「あー、降ってきちゃったな」

上空からふわふわと落ちてくる雪を掌で受け止める。
瞬時に溶けた雪を見届けて、天を仰ぐ。
雪雲の僅かな隙間から白い月が覗いていた。

息を一つ、吐く。
白い息は空気に溶けて消えた。

「今夜は冷える」


自分の1メートル程先に結界を作り、そこに向かって飛ぶ。
眼下には静まりかえった、けれども所々に明かりが灯っている夜景、
そして烏森が見える。

もう少し近くで見たくて、階段のように結界を作っていき、
徐々に降りていく。


烏森の様子がはっきりとわかる距離まできて、
そこで正守は足場にしている結界の上に胡座をかいて座った。
暗闇の中、烏森の校庭を見れば、黒い装束を身に纏った少年と、白い犬の妖。


「黒姫」


何もない空間が揺れ、波紋を広げ黒い魚が現れる。

「見て御覧」

その言葉に従い、黒い魚は校庭を見る。
視線の先にいる少年は一つ、くしゃみをして身を震わせていた。

「寒そうだな」

ヒヒ、と笑い、頬杖をついて見つめる。
少年の吐いた息が白く染まるのが見えた。

自分もハァ、と息を吐く。
それもまた、白く染まる。


当たり前のことだが、良守と同じだということが何故か嬉しく思った。
同じ空気を吸い、同じ寒さを感じ、同じく息を白くする。
それが嬉しくて、また笑った。



校庭の少年は、自分が見られていることに気付く様子は無く、
掌にハァ、と息を吐き、両手を刷り合わせている。

その様子が酷く幼く見えて、思わず微笑む。

「可愛いなぁ」

きっとこのままずっと見ていても飽きる事はないだろう。


微笑みながら見続けていると、黒姫がパクパクと口を動かした。

「ん?ああ、これを渡そうと思ってさ」

黒姫に見せるように持っていた風呂敷を持ち上げる。
深い緑色の風呂敷は何かを包み込んでいて、膨らんでいる。

「一つはいつも通りお土産のお菓子。
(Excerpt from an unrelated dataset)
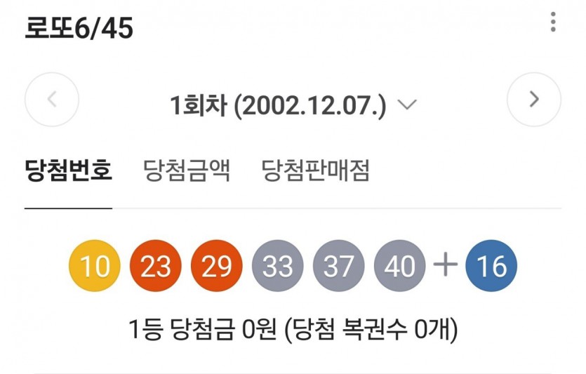 23년전 2002년 로또 1회차 1등 당첨금!!
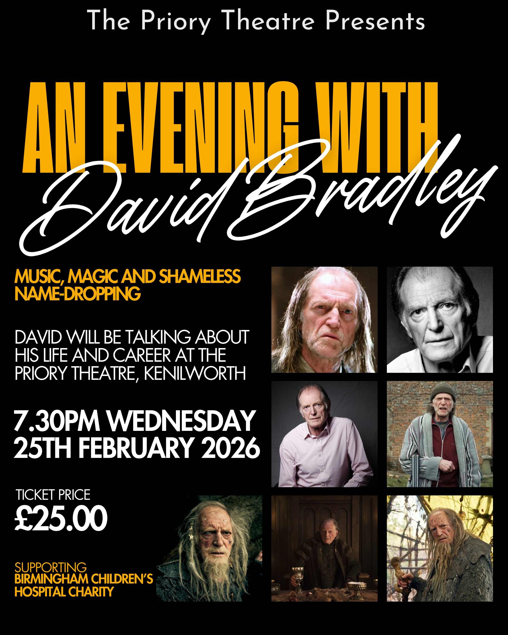 Spend an unforgettable evening with BAFTA award winner and acclaimed actor David Bradley, celebrated for his iconic performances in Harry Potter, Game of Thrones, and Doctor Who.

もう一つは良守へのプレゼント」

また、黒姫の口がパクパクと動く。

「何、気になる?」

黒姫の、大きな黒い目を見ながら、ニヤリと笑う。

「中身はね、マフラー。最近寒かったからさ、丁度良いと思って」

再び、烏森の少年に目を向ける。

「橙色のマフラーでさ、絶対似合うと思うんだよね」



明るい太陽の色は、あの少年によく似合う。



このマフラーを渡せば、彼はきっと照れながらブツブツと何か言って、
それでも頬を赤らめながら受け取るのだ。
そして、自分が見ていない時に、こっそりと身に付けてくれるに違いない。


可愛くて可愛くて仕様が無い。



「あ」

視線の先の少年が、何かに躓いて転んだ。

その動きがまた。

「可愛い」


どんどん目が細くなって、口角が上がっていくのがわかる。

あの愛しい存在に俺はすっかり骨抜きだ。



黒姫が口を開く。
その『声』に、俺は笑って立ち上がった。

「そうだな、そろそろ行くか」


愛しい存在を抱き締める為に。





 

 

惚気話

 

 

 

嗚呼、なんと可愛いことか!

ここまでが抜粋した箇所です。